**WHAT THIS TASK INVOLVES**
Print the whole listing again exactly as it stands, leaving out any images.

**GIVEN DATA**
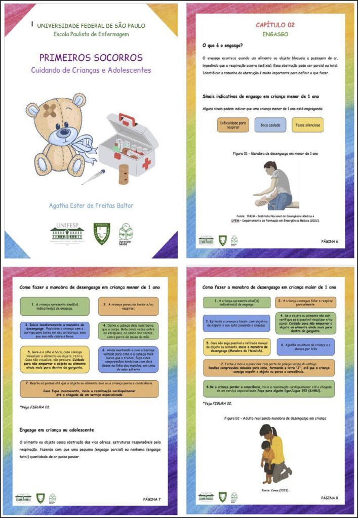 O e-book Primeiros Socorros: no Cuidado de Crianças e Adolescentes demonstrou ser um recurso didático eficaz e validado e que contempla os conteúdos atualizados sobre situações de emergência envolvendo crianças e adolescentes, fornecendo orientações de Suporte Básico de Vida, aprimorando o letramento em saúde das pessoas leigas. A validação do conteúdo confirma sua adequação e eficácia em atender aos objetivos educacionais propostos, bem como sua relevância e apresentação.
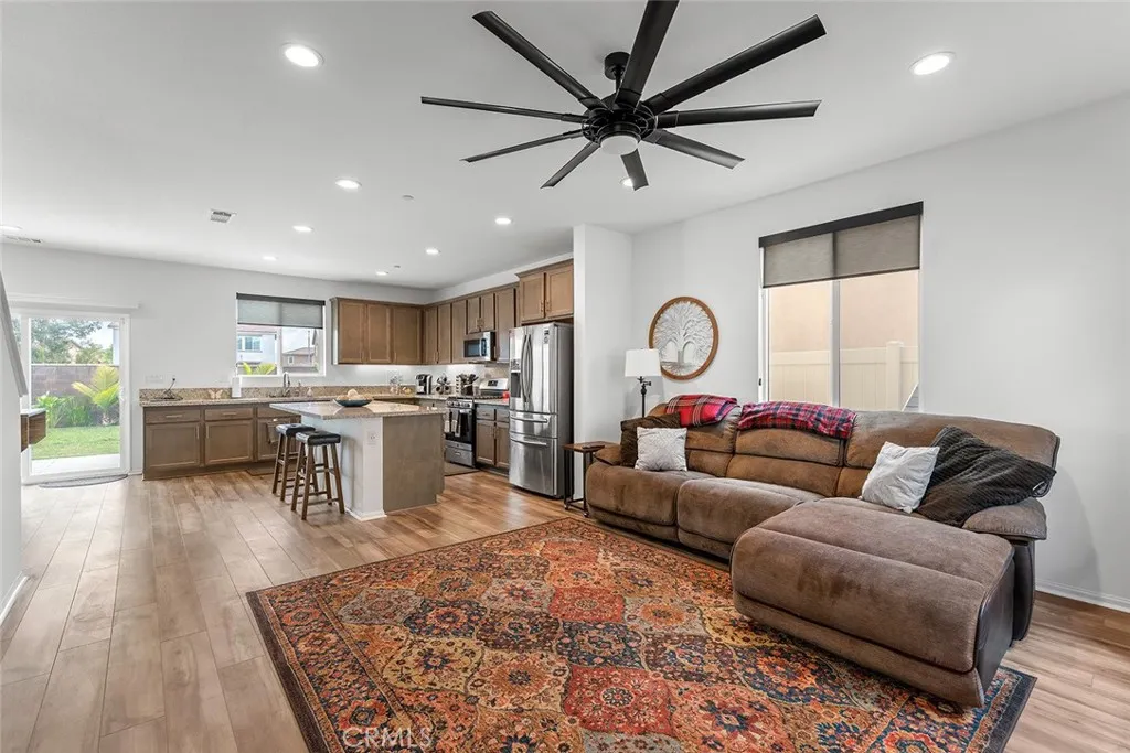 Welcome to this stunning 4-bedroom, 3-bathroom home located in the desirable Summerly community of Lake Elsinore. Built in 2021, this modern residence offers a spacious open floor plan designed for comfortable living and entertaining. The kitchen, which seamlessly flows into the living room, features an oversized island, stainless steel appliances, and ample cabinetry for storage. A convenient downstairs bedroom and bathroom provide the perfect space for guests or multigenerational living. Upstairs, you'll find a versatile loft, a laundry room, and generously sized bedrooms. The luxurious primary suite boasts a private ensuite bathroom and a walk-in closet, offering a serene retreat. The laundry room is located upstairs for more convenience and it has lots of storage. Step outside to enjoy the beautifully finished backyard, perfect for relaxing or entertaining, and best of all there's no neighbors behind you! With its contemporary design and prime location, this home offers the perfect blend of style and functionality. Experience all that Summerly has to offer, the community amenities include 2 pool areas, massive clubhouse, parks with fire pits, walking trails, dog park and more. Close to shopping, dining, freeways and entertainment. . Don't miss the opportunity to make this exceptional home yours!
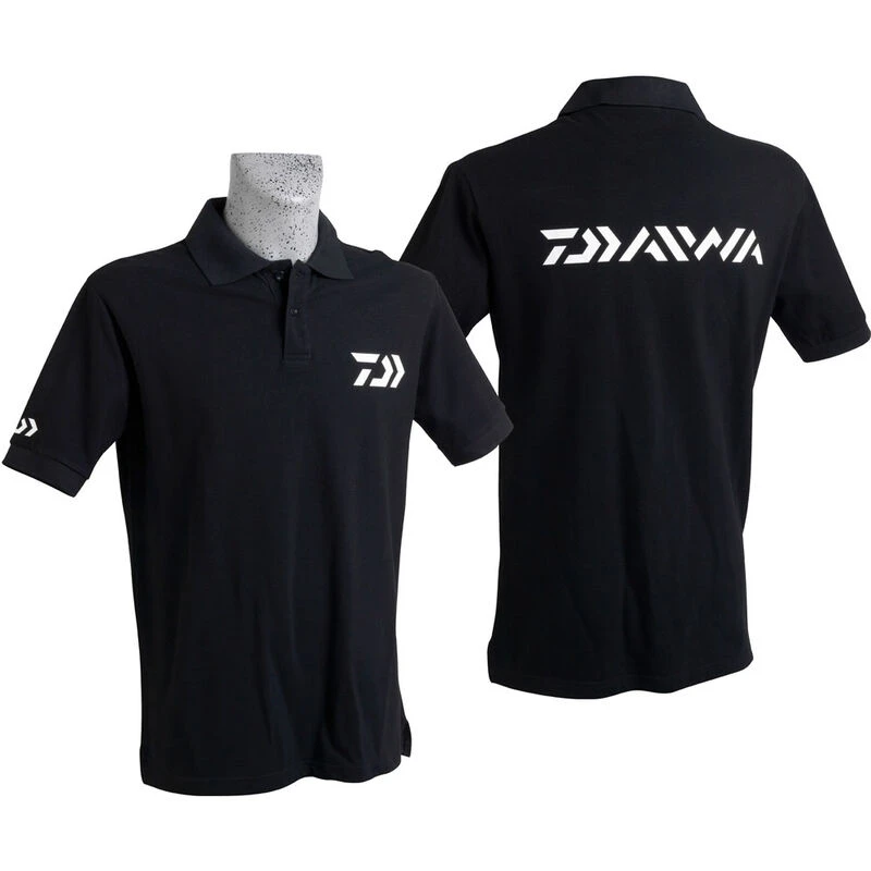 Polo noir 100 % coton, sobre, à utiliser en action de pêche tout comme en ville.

**TASK ANSWER**
 O e-book Primeiros Socorros: no Cuidado de Crianças e Adolescentes demonstrou ser um recurso didático eficaz e validado e que contempla os conteúdos atualizados sobre situações de emergência envolvendo crianças e adolescentes, fornecendo orientações de Suporte Básico de Vida, aprimorando o letramento em saúde das pessoas leigas. A validação do conteúdo confirma sua adequação e eficácia em atender aos objetivos educacionais propostos, bem como sua relevância e apresentação.
 Welcome to this stunning 4-bedroom, 3-bathroom home located in the desirable Summerly community of Lake Elsinore. Built in 2021, this modern residence offers a spacious open floor plan designed for comfortable living and entertaining. The kitchen, which seamlessly flows into the living room, features an oversized island, stainless steel appliances, and ample cabinetry for storage. A convenient downstairs bedroom and bathroom provide the perfect space for guests or multigenerational living. Upstairs, you'll find a versatile loft, a laundry room, and generously sized bedrooms. The luxurious primary suite boasts a private ensuite bathroom and a walk-in closet, offering a serene retreat. The laundry room is located upstairs for more convenience and it has lots of storage. Step outside to enjoy the beautifully finished backyard, perfect for relaxing or entertaining, and best of all there's no neighbors behind you! With its contemporary design and prime location, this home offers the perfect blend of style and functionality. Experience all that Summerly has to offer, the community amenities include 2 pool areas, massive clubhouse, parks with fire pits, walking trails, dog park and more. Close to shopping, dining, freeways and entertainment. . Don't miss the opportunity to make this exceptional home yours!
 Polo noir 100 % coton, sobre, à utiliser en action de pêche tout comme en ville.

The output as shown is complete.